Output the exact lines that start at the one containing "スパイシーな味わいがクセにな" and continue to the last line of the entries below; do not output pictures.
· · ·
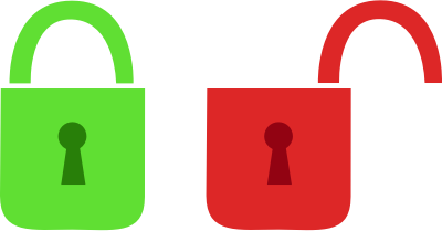 Set of 2 locks, one opened and one closed.
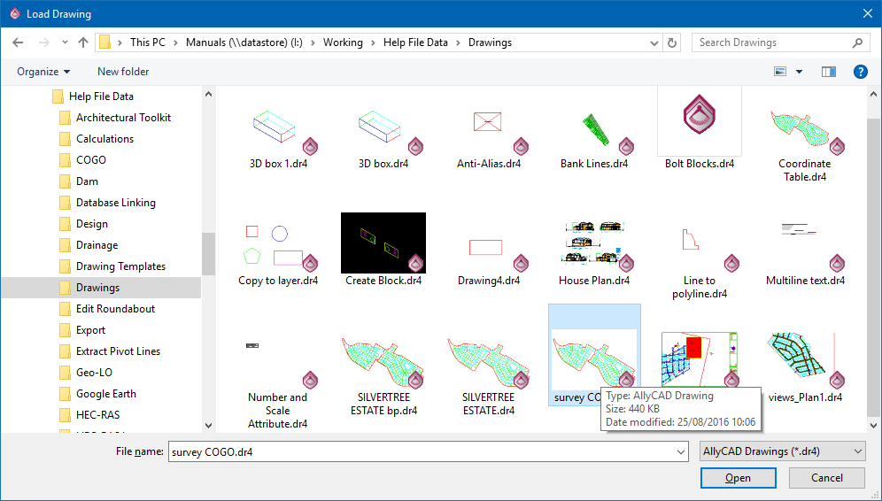 Use the File Filter dropdown list to select the type of drawing files to display. The following file formats are supported:
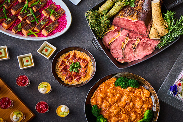 スパイシーな味わいがクセになるサーモンのロースト、栄養価が高く滋養強壮に効果がある“うな卵”、海老の風味と辛さを調和させた海老のチリソース煮など、和・洋・中・スイーツの専門シェフとパティシエが腕を振るうスペシャルメニューをご用意いたします。
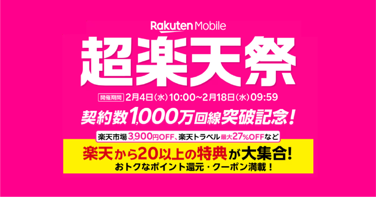 楽天モバイル契約者向けの期間限定キャンペーン超楽天祭が2026年2月4日(水)から2月18日(水)まで開催されます。本記事では、イベントの概要や特典、お得な活用方法をわかりやすく解説します。
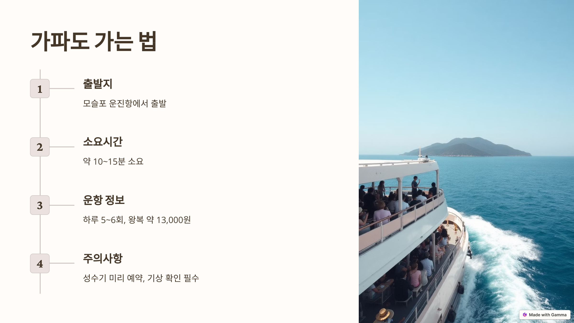 - 승선 요금: 왕복 약 13,000원 (성인 기준)
· · ·
■ RESULT OF THE TASK:
 スパイシーな味わいがクセになるサーモンのロースト、栄養価が高く滋養強壮に効果がある“うな卵”、海老の風味と辛さを調和させた海老のチリソース煮など、和・洋・中・スイーツの専門シェフとパティシエが腕を振るうスペシャルメニューをご用意いたします。
 楽天モバイル契約者向けの期間限定キャンペーン超楽天祭が2026年2月4日(水)から2月18日(水)まで開催されます。本記事では、イベントの概要や特典、お得な活用方法をわかりやすく解説します。
 - 승선 요금: 왕복 약 13,000원 (성인 기준)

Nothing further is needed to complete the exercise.